Descriptions, Reviews, Etc.
Publisher Description:
Twenty years ago, the Berlin Wall fell. In one of modern history's most miraculous occurrences, communism imploded-and not with a bang, but with a whimper. Now two of the foremost scholars of East European and Soviet affairs, Stephen Kotkin and Jan T. Gross, drawing upon two decades of reflection, revisit this crash. In a crisp, concise, unsentimental narrative, they employ three case studies-East Germany, Romania, and Poland-to illuminate what led Communist regimes to surrender, or to be swept away in political bank runs. This is less a story of dissidents, so-called civil society, than of the bankruptcy of a ruling class-communism's establishment, or "uncivil society." The Communists borrowed from the West like drunken sailors to buy mass consumer goods, then were unable to pay back the hard-currency debts and so borrowed even more. In Eastern Europe, communism came to resemble a Ponzi scheme, one whose implosion carries enduring lessons.

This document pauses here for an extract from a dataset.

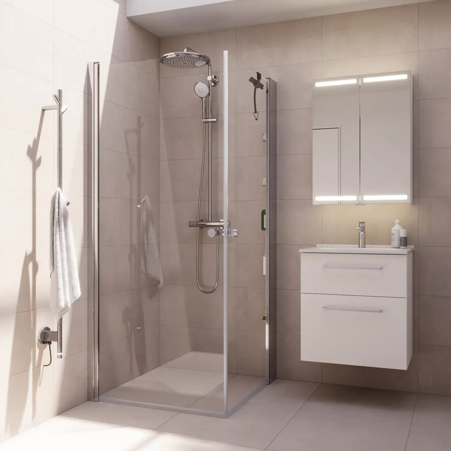 Tips: Utnytt veggene! Kombiner håndkletørkeren med vegghengte skap eller speilskap med oppbevaring for å frigjøre gulvplass og skape luft i rommet.
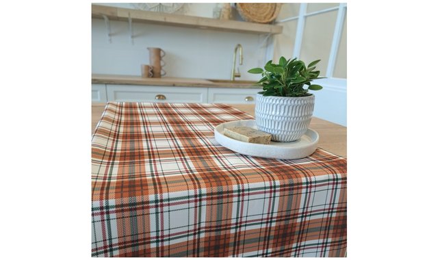 Setting a beautiful tablecloth means setting the table for beautiful moments with those you love. Checked tablecloth in shades of terracotta, green and white From our Kabane brand 4 to 6 people seated: 54'' x 72'' 100% polyester Wrinkle-free Machine washable and dryable

From East Germany's pseudotechnocracy to Romania's megalomaniacal dystopia, from Communist Poland's cult of Mary to the Kremlin's surprise restraint, Kotkin and Gross pull back the curtain on the fraud and decadence that cashiered the would-be alternative to the market and democracy, an outcome that opened up to a deeper global integration that has proved destabilizing.